(Dataset entries)
- - - - - - -

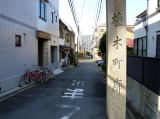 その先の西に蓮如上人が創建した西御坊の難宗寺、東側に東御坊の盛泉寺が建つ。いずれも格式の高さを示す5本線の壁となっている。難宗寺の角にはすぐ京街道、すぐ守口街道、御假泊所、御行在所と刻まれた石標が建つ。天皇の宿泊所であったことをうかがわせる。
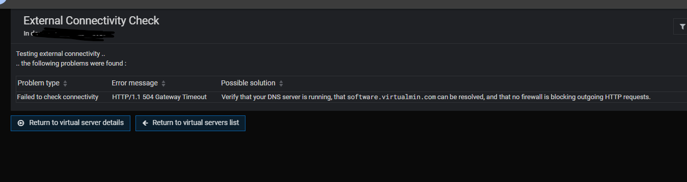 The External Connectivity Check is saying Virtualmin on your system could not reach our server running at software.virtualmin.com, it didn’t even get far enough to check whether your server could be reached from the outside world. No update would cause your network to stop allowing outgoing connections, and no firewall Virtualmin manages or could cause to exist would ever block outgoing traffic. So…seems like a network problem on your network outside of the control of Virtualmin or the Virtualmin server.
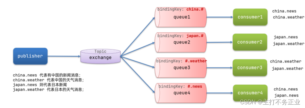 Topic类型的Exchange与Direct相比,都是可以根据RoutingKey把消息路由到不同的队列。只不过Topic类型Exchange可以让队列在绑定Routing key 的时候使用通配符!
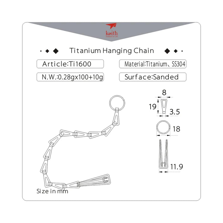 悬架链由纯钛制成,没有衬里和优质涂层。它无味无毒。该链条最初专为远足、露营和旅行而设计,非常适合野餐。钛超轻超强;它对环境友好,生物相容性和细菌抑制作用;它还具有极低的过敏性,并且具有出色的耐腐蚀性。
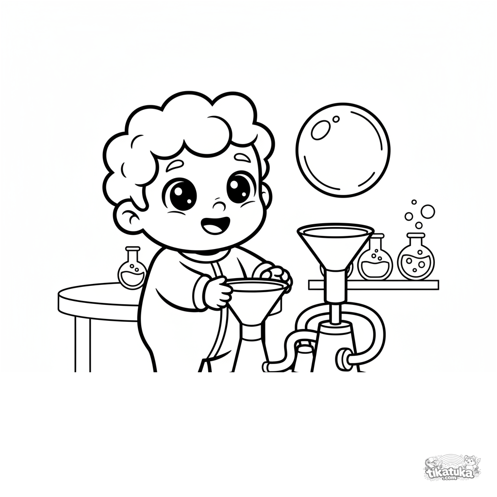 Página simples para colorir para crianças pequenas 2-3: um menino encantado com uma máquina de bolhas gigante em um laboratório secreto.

- - - - - - -

**WHAT TO DO:** Reproduce each record from above exactly; pictures do not belong in the copy.

**RESPONSE TO THE TASK:**
 その先の西に蓮如上人が創建した西御坊の難宗寺、東側に東御坊の盛泉寺が建つ。いずれも格式の高さを示す5本線の壁となっている。難宗寺の角にはすぐ京街道、すぐ守口街道、御假泊所、御行在所と刻まれた石標が建つ。天皇の宿泊所であったことをうかがわせる。
 The External Connectivity Check is saying Virtualmin on your system could not reach our server running at software.virtualmin.com, it didn’t even get far enough to check whether your server could be reached from the outside world. No update would cause your network to stop allowing outgoing connections, and no firewall Virtualmin manages or could cause to exist would ever block outgoing traffic. So…seems like a network problem on your network outside of the control of Virtualmin or the Virtualmin server.
 Topic类型的Exchange与Direct相比,都是可以根据RoutingKey把消息路由到不同的队列。只不过Topic类型Exchange可以让队列在绑定Routing key 的时候使用通配符!
 悬架链由纯钛制成,没有衬里和优质涂层。它无味无毒。该链条最初专为远足、露营和旅行而设计,非常适合野餐。钛超轻超强;它对环境友好,生物相容性和细菌抑制作用;它还具有极低的过敏性,并且具有出色的耐腐蚀性。
 Página simples para colorir para crianças pequenas 2-3: um menino encantado com uma máquina de bolhas gigante em um laboratório secreto.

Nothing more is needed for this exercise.